Henry saw me behaving really stupidly. I had just installed CFRAC
and Random Squares on the laptop, but the programs did not work. During
most of the time Henry was there he saw me looking at the screen and
heard me complaining about compatibility problems between Linux and
Windows. After Henry left the house I examined the problem, and saw
that there are both 16 and 32-bit versions of the run time system for
the factorisation programs. Since a month ago I have just been running
the programs with the 16-bit version. The difference between 16 and 32
bits goes back to the 1950s. It's similar to the byte-sex problem which
can cause data to be lost, or misinterpreted. All these problems relate
to the representation of data in a computer, and its addressing.

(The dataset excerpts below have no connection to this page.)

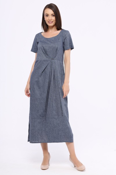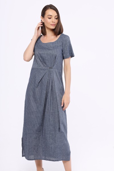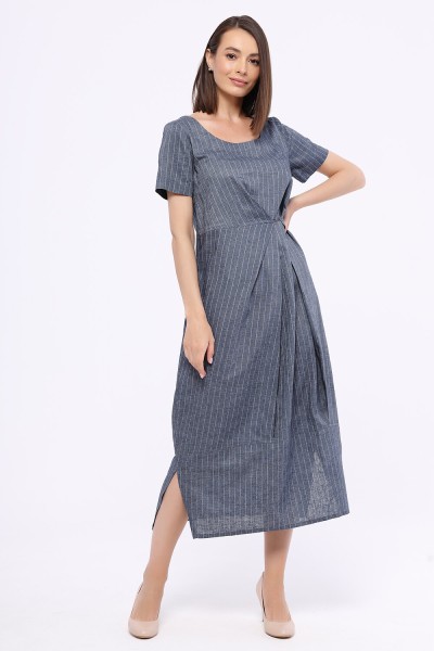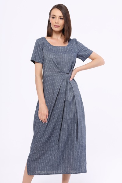 Романтичное летнее платье полуприлегающего силуэта с коротким рукавом и декоративной ассиметричной драпировкой по линии талии из смесовой ткани - лён с полиэстером, российского производства бренда D'imma. Лен в сочетании с полиэстером держит форму, гигроскопичен, менее сминаем. Широкий размерный ряд, в том числе большие размеры.
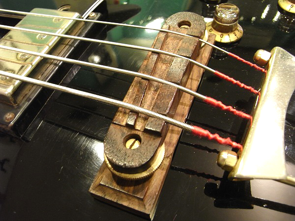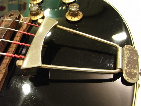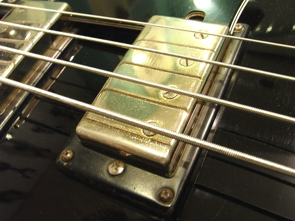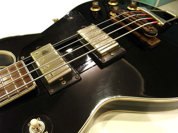 ルックスはブラックのボディにダブルバインディング、ゴールドパーツのマッチング、 ネックもバインディング付で、指板ポジションマークはブロックインレイという、 レス・ポール・カスタムのルックスをそのまま踏襲しつつも、 ブリッジは木製のヴァイオリン・ベースの様なタイプに、テールピース付という、 独特な仕様とルックスが魅力で、こういったルックスはビザール系ならではの面白さ、魅力ですね。 とても個性的な仕様が面白いモデルで、ルックスはGibson Les Paul
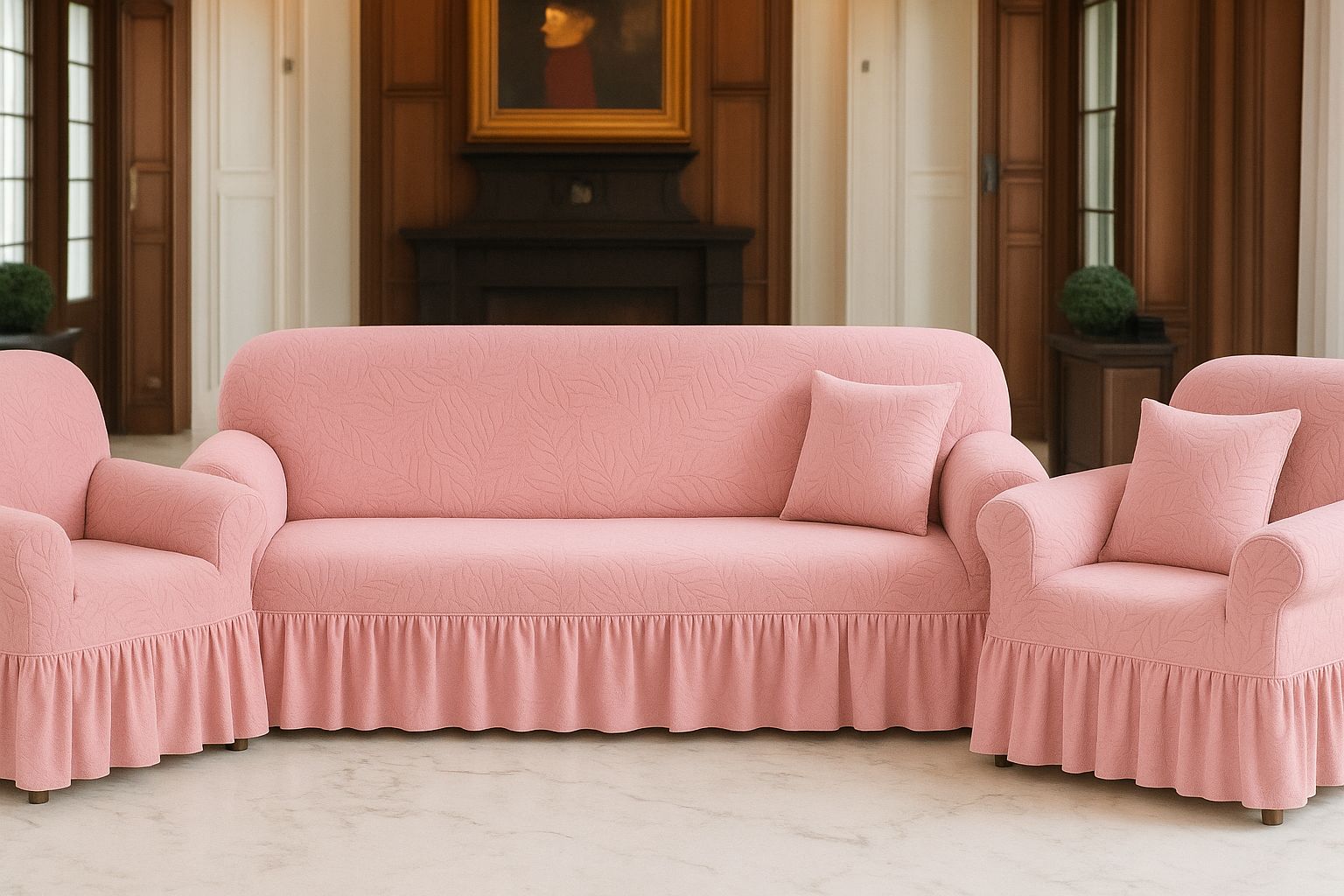 A delicate and charming cover set in a soft pale pink or dusty rose. The main fabric has a subtle tone-on-tone leaf texture. The look is completed with a full, gathered ruffle skirt on both the sofa and armchairs, perfect for a romantic or feminine decor.
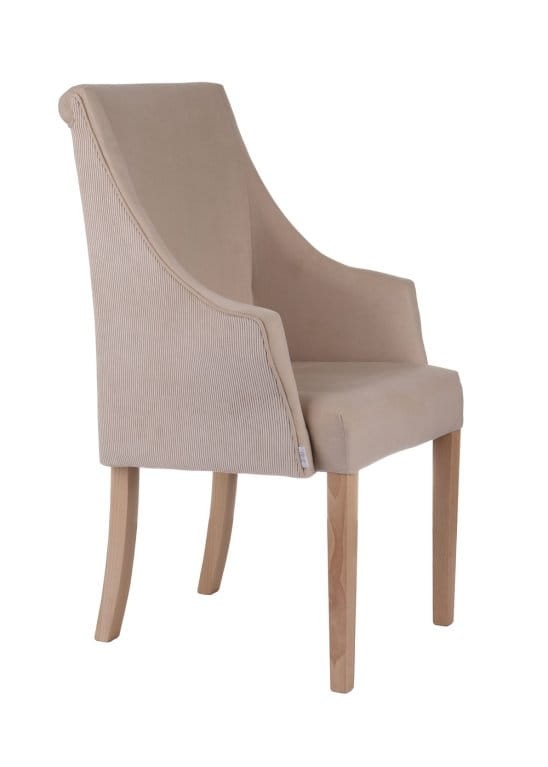 The chair is fully upholstered in a selected upholstery fabric, with the possibility of using two different colours, as well as adding a stylish trim and contrasting colouring.

16-bit computers store most numerical data as two bytes. These bytes
are contiguous in computer memory, and store the data at locations a
and a+1 where a is the location of an integer, or number. These numbers
go from 0 to 2^16-1 with a special convention that numbers greater than
2^15 are considered negative. 32 bit computers use 4 bytes to store
integers. The range is 0 to 2^32-1 with nearly half of these numbers
being negative. Textual data is just stored as arrays of bytes. Modern
computers tend to start storing data at locations whose addresses are
powers of two. These powers of two may go up to values as high as 64.
Address space in memory tends to stay below 2^32 but remember that a
66000 x 66000 matrix will be tricky to handle in this context.
Things go wrong when assumptions are made about the location of
particular bytes in arithmetic. A 16 bit number such as 258 is stored
over two bytes:
LO HI
.-------.
Intel | 2 | 1 | 258 = 2+2^8
.-------.
HI LO
.-------.
Motorala | 1 | 2 | 258 = 2^8+2
.-------.
Getting round this problem was one of the most messy parts of
developing the internet. The business was worse with 32 bit machines.
Intel kept its standard, so a 32-bit number would get stored something
like N = HI,LO,HI,LO where the most significant bits of an integer may
not lie close to its byte address.
Byte sex problems occurred during the time I was trying to convert a
payroll in Paris. The company was called SLIMOS, and the payroll
conversion started in an office belonging to Credit Lyonnais near La
Defonce in the western part of the city. During one morning going to
work my journey was briefly interrupted by a death by suicidal jumping,
or pushing from the crowded metro platform into the tracks of an
oncoming train. I was to squeamish to look at the mangled body. The
original payroll was written for a french machine, and the idea was to
convert it to run on a PDP-11 running a clone of the RSX operating
system. The salesmen had told the customer that the machine could run
programs written in COBOL. I was hired to move about 50 or 60 COBOL
programs over the hardware platforms and operating systems. The man who
hired me was a former French paratrooper who had obviously been in
Algeria at some time. France was full of ex-colonial people who had had
to come back from the countries of the former empire. Of course that
number included many Africans and Asians who had directly benefitted
from French colonialism and they came along to enjoy the benefits of
francophonism as long as possible. During the 1980s I thought the 13
arrondissment tower blocks full of Viet-namese very civilised places.
Monsieur Gerain, the former paratrooper, had written true bloatware.
The COBOL programs were so long and complicated that the PDP-16
compiler would often give up and vomit streams of spurious errors.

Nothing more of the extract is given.